The LLM quality variance is jarring. With flagship models like GPT-4 or Claude 3.5 Sonnet, bolt.diy impressively scaffolds working applications. Switch to a smaller model like Mistral 7B via Ollama, and you'll watch it generate malformed package.json files, import non-existent dependencies, or create circular reference bugs. The project's documentation admits prompt optimization is "in progress," which really means: budget models produce budget results. You're paying the AI tax either through expensive API calls or wasted time debugging hallucinated code.

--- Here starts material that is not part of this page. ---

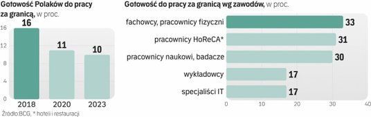 Sporo jednak zależy od branży i zawodu; najczęściej o emigracji zarobkowej myślą osoby wykonujące prace fizyczne, w tym co trzeci z rzemieślników i fachowców, którzy na Zachodzie mogą liczyć na najwyższe, bo co najmniej trzykrotne przebicie krajowych zarobków. Względy finansowe i ekonomiczne są zresztą najczęściej wskazywanym powodem gotowości do pracy za granicą, przy czym Polacy podkreślają je nawet częściej (79 proc.) niż ogół potencjalnych emigrantów na świecie (64 proc.).

There's also no rollback mechanism beyond manually reverting files—if the LLM's fifth iteration breaks everything, you're clicking through diffs to find where it went wrong.
Verdict
Use if: You need to prototype Node.js applications fast, want to experiment with different LLM providers without rebuilding infrastructure, or you're learning full-stack development and value seeing immediate results over understanding every abstraction layer. It's particularly powerful for non-developers who need functional MVPs—founders validating SaaS ideas, designers building interactive prototypes, or educators demonstrating concepts without environment setup friction. The Ollama integration makes it viable for privacy-conscious scenarios where cloud APIs are forbidden. Skip if: You're building production applications requiring multi-language backends, need robust version control integration beyond basic Git exports, or work in regulated industries where sending code to third-party LLMs violates compliance. Traditional IDEs like Cursor or GitHub Copilot offer better debugging, testing frameworks, and CI/CD integration once you move past the prototyping phase. Also skip if your team's workflow depends on Docker, complex build pipelines, or deploying to non-JavaScript runtimes—bolt.diy's browser sandbox makes those impossible.